Are you filled with rage at certain times of the month? You’re not alone.
While mood swings are a common symptom of menstruation and perimenopause, for some women they can become severe and problematic. For sufferers (and their families) it’s helpful to know why it happens and what you can do about it.
The word ‘rage’ is often used when speaking about hormones – and for many women, this is an apt choice of expression for how they feel at certain points in their cycles. Here’s three common reasons for these feelings, and a few solutions to consider if your mood swings have swung into the stratosphere.
Most human beings are altered by the fluctuation of hormones but, for some, the extent to which they are affected can cause serious problems. This can be the case for women going through perimenopause, when a drop in estrogen can also mean a drop in serotonin, the happy-making chemical that helps regulate your moods.
Aside from feeling depressed, women may also experience trouble sleeping and hot flashes at this time of their lives, which adds to the problem. While it might make you difficult to live with, there is little wonder perimenopausal women don’t cope so well with life’s challenges! However, if your head is in a territory that feels dangerous, there is help out there in the form of Menopausal Hormone Therapy or the IUD, which can help regulate hormones, leaving you on a more even keel.
It’s estimated that up to 80% of women experience PMS in their reproductive years. Usually suffered in the week leading up to your period, PMS can cause a host of symptoms from mood swings and food cravings to sleep problems and a general sense of being down in the dumps. Because the body is affected as well as the mind, there can be a sense of being out of control that throws us off our usual pleasantries.
If you suffer from PMS, there are some lifestyle changes that can help reduce symptoms and make them easier to deal with. The good news is, these are all changes that can help in many areas of life.
- Increasing protein and carbohydrates in the diet, while decreasing sugar, salt, caffeine and alcohol can help with bloating, lack of energy and digestive issues.
- Regular exercise will often help with cramps and regulate mood.
- Stress management in the form of meditation, breathing exercises or yoga can make a huge difference to the length of your fuse in challenging situations.
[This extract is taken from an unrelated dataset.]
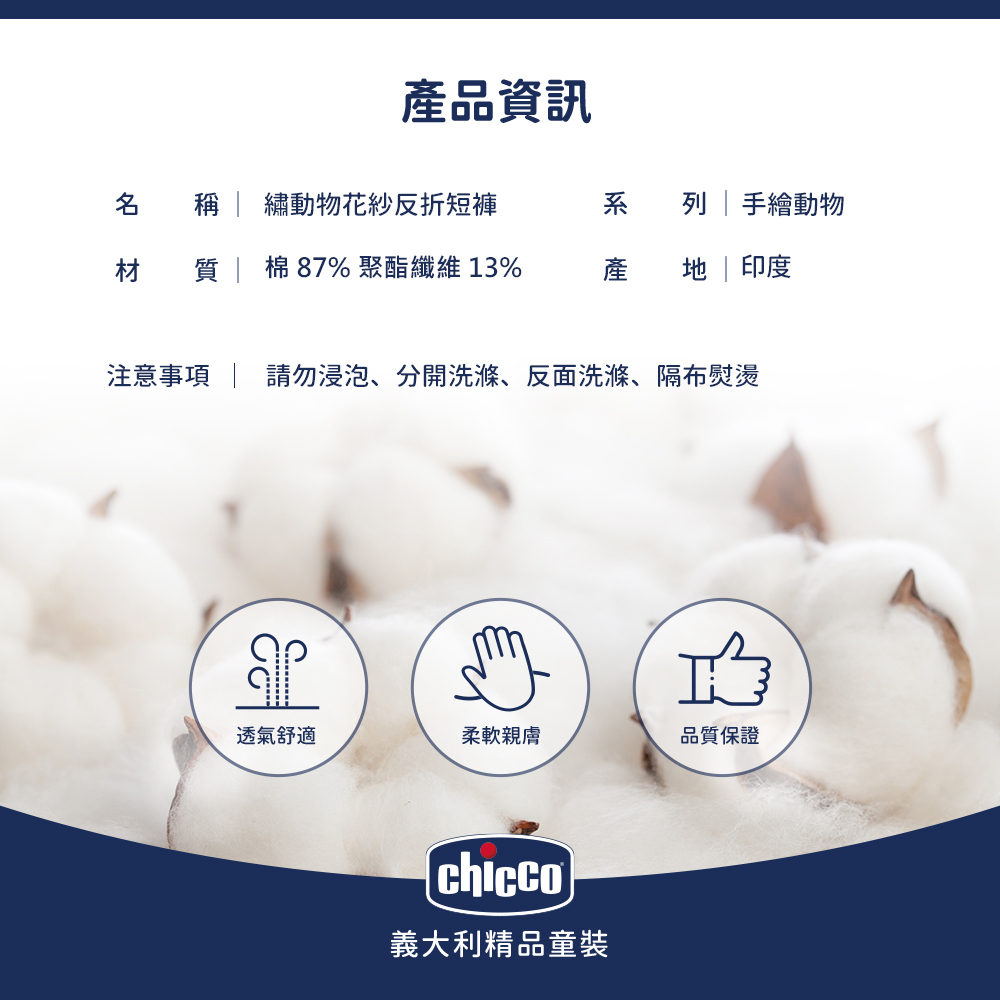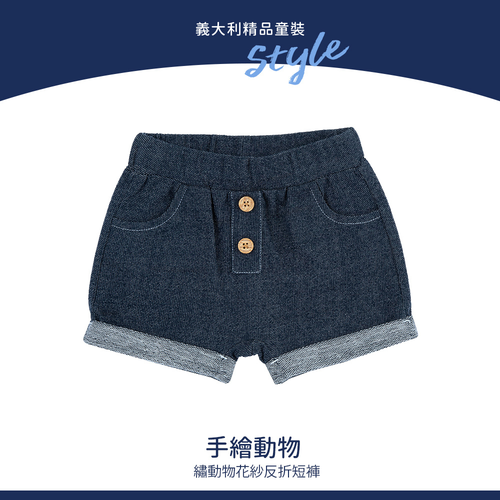 手繪動物-繡動物花紗反折短褲
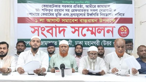 কেয়ারটেকার সরকার-ব্যবস্থা প্রতিষ্ঠা, আমিরে জামায়াত ডা. শফিকুর রহমানসহ গ্রেফতার সকল নেতাকর্মী ও আলেম-ওলামাদের মুক্তি এবং দ্রব্যমূল্যের ঊর্ধ্বগতি নিয়ন্ত্রণের দাবিতে আগামীকাল মঙ্গলবারের (১ আগস্ট) সমাবেশ বাস্তবায়নের লক্ষ্যে সংবাদ সম্মেলন করেছে বাংলাদেশ

- A creative outlet can also impact your mood, giving you a place to express your feelings.
Premenstrual Dysphoric Disorder
Symptoms appear in the week before menstruation and usually end within a few days after periods begin. Partners or friends may comment that a sufferer is a completely different person at these times.
If this sounds like you, it is helpful to keep track of when your symptoms begin and end and write down some notes about what happens. Even if you don’t have this information, it is still a good idea to see a doctor if your symptoms are severe and you feel you need help.
When to see a doctor
Your doctor will be able to help to put you on the path to managing your symptoms through lifestyle changes, or, if your symptoms are serious, medical treatments may be prescribed.
See a doctor if:
- Your behaviour is erratic
- You are having panic attacks
- You can’t sleep and/ or feel exhausted and/ or feel excessively sleepy
- Your relationships are suffering
- You feel apathetic, especially towards activities that you used to enjoy
- You have a sense of helplessness
- Possible treatments might include hormone therapy, vitamin supplements, anti-inflammatories, Selective serotonin reuptake inhibitors, and contraceptive pills or devices.